Facile fabrication of boron-doped titanium carbide for efficient electrocatalytic nitrogen reduction

摘要

Electrochemical nitrogen fixation is a promising strategy to achieve sustainable ammonia (NH3) synthesis. However, the major challenge lies in simultaneously achieving high NH3 production rates and faradaic efficiency (FE). A well-designed catalyst with high nitrogen reduction reaction (NRR) performance is urgently needed. Herein, we report a novel boron-doped titanium carbide (Ti3C2-B) material prepared by doping B into intercalated carbide titanium (Ti3C2) MXenes. The NH3 yield of Ti3C2-B catalysts was examined using two detection techniques: ultraviolet-visible spectroscopy and ion chromatography. The synthesized electrocatalyst exhibited an NH3 yield of 39.64 ± 1.4 μg h~(-1) mg_(cat.)~(-1) at -0.55 V and an FE of 11.89 ± 0.3 at -0.45 V vs. reversible hydrogen electrode (RHE), outperforming most reported NRR catalysts.

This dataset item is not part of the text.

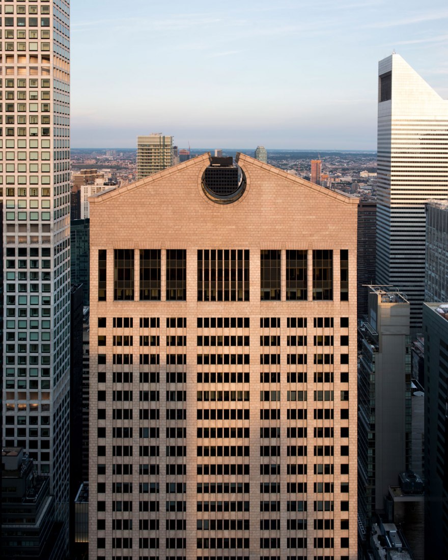 A mediados de la década de 1980, el camaleónico, provocador y cuestionable arquitecto Philip Johnson junto a John Burgee, inauguraron un rascacielos en el 550 de Madison Avenue, el edificio de AT&T, con una provocativa corona, su «frontón calado» , que rápidamente se hizo popular. Se convirtió en la imagen que consolidó la reinterpretación del lenguaje clásico como base de la posmodernidad arquitectónica.

Density functional theory (DFT) calculations suggest that B doping of Ti3C2 reduces the free energy obstacle for the rate-determining step *NNH2 → *NNH3, enhances the suppression of the hydrogen evolution reaction (HER), and improves NRR capabilities. B doping of 2D MXene nanosheets offers a promising avenue for developing highly efficient N2 electrocatalysts in the future.